■ DESCRIPTION OF THE TASK
From the line containing "Ponga uno de" down to the line containing "Ağrı'dan Suriye'ye iki", copy out the entries below exactly, both lines included, and nothing else; pictures do not belong in the copy.

■ RECORD EXTRACTS
-=-=-=-=-

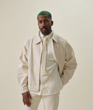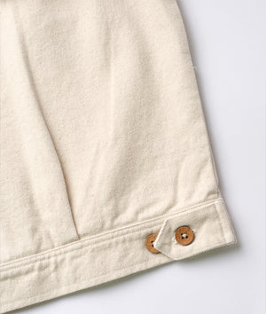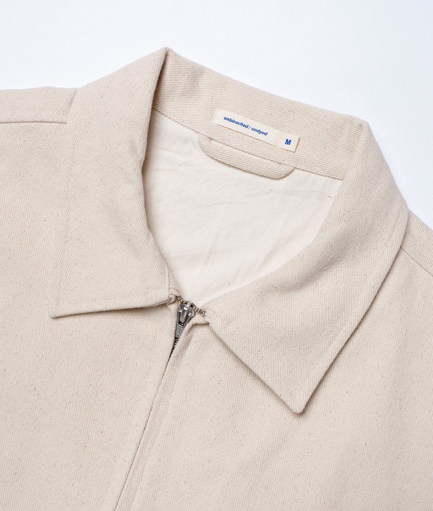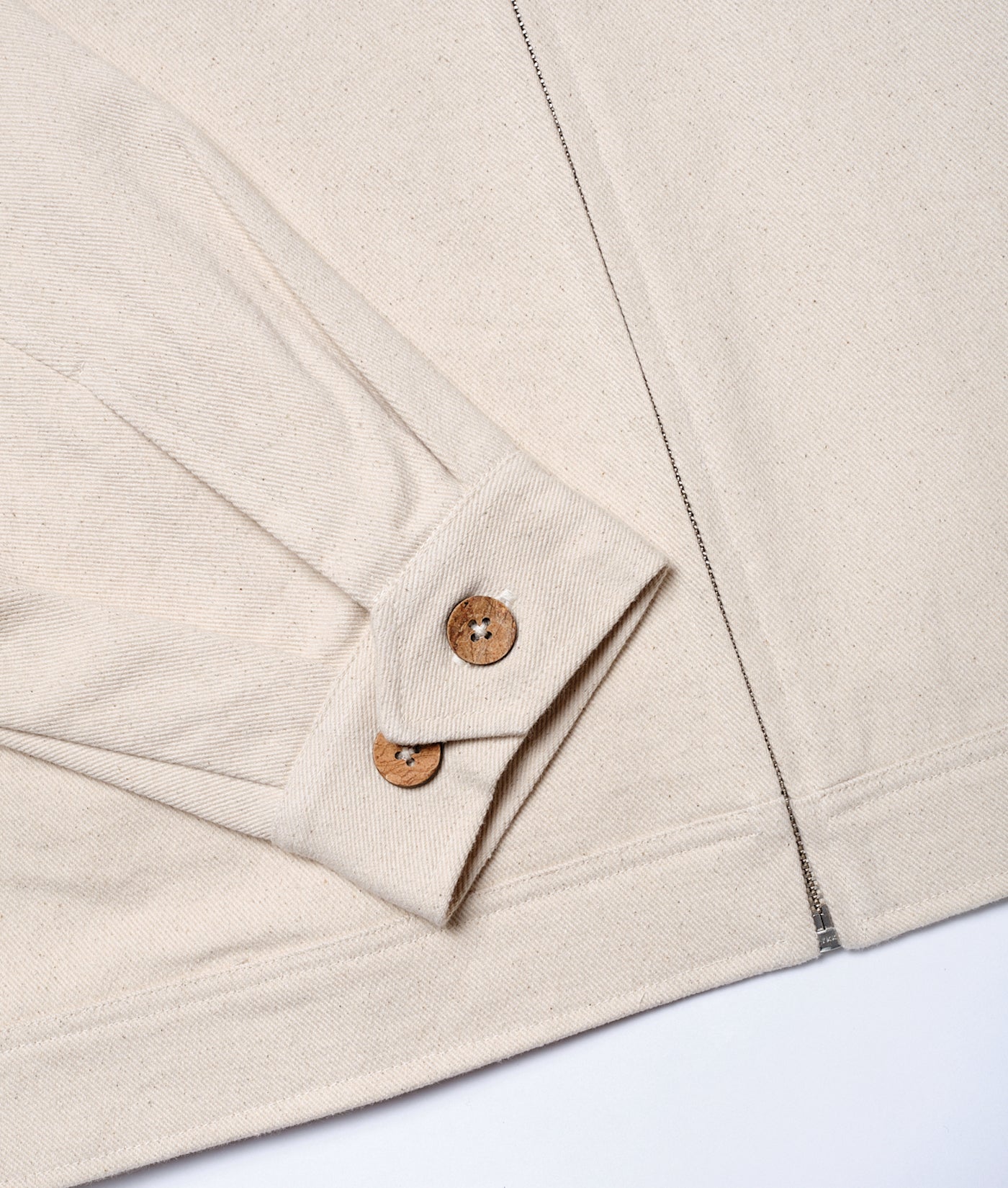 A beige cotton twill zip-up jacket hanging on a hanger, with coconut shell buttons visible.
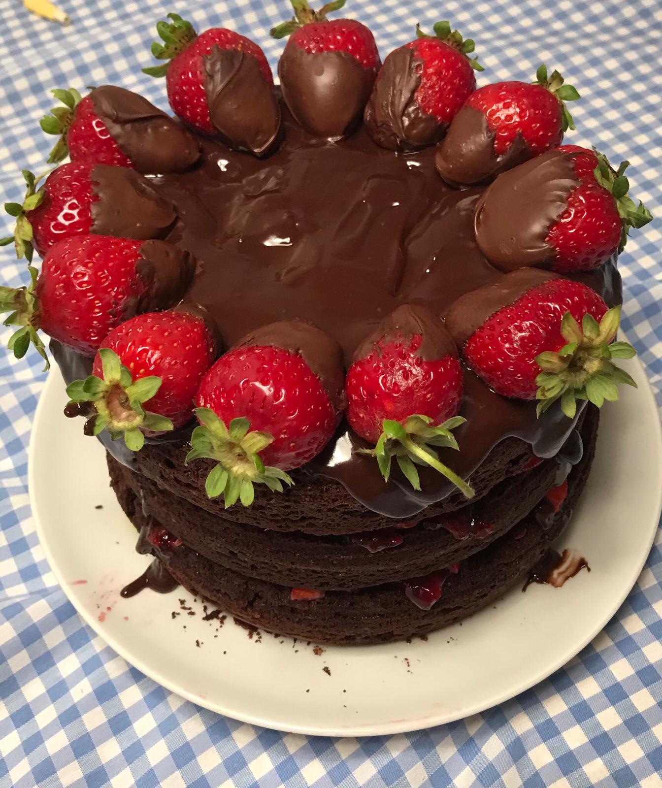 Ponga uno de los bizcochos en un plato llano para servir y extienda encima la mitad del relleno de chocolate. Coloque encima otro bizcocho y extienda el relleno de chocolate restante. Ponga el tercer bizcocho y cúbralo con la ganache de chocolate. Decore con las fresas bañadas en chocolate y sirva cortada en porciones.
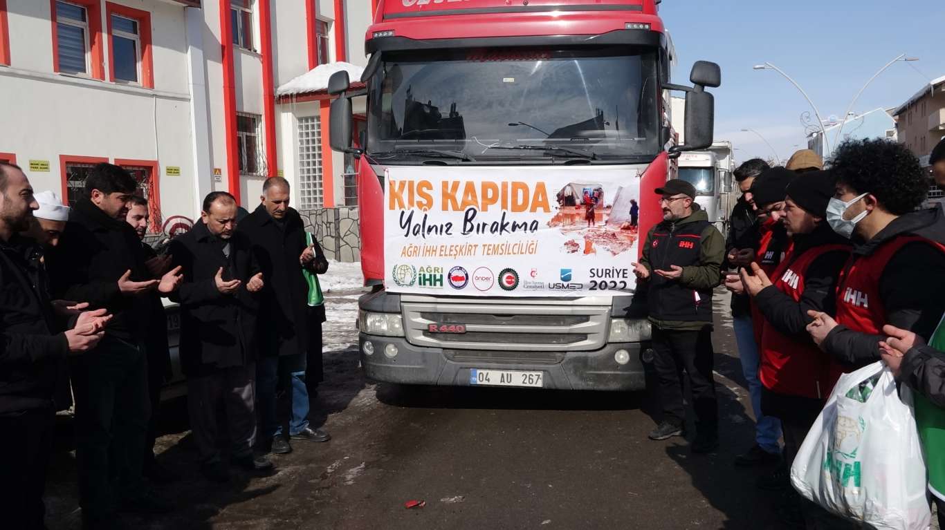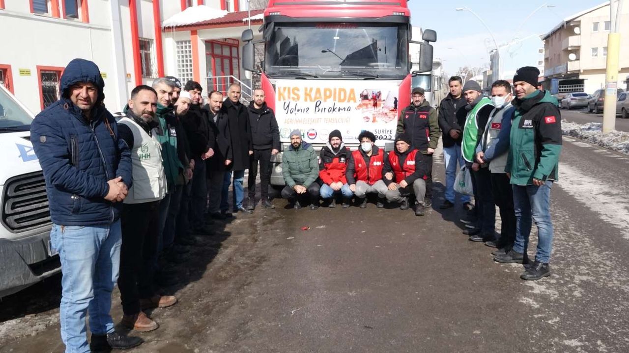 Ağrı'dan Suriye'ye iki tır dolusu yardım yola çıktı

-=-=-=-=-

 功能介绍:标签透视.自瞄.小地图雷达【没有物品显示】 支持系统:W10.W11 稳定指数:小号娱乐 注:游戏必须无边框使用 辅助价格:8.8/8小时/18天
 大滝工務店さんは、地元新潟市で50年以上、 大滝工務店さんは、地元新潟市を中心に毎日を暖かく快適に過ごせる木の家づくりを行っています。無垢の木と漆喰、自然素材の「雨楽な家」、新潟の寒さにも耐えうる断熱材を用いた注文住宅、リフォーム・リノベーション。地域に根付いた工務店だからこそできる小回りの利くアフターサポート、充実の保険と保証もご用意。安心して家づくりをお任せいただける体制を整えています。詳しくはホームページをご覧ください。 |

-=-=-=-=-

■ REPLY TO THE EXERCISE
 Ponga uno de los bizcochos en un plato llano para servir y extienda encima la mitad del relleno de chocolate. Coloque encima otro bizcocho y extienda el relleno de chocolate restante. Ponga el tercer bizcocho y cúbralo con la ganache de chocolate. Decore con las fresas bañadas en chocolate y sirva cortada en porciones.
 Ağrı'dan Suriye'ye iki tır dolusu yardım yola çıktı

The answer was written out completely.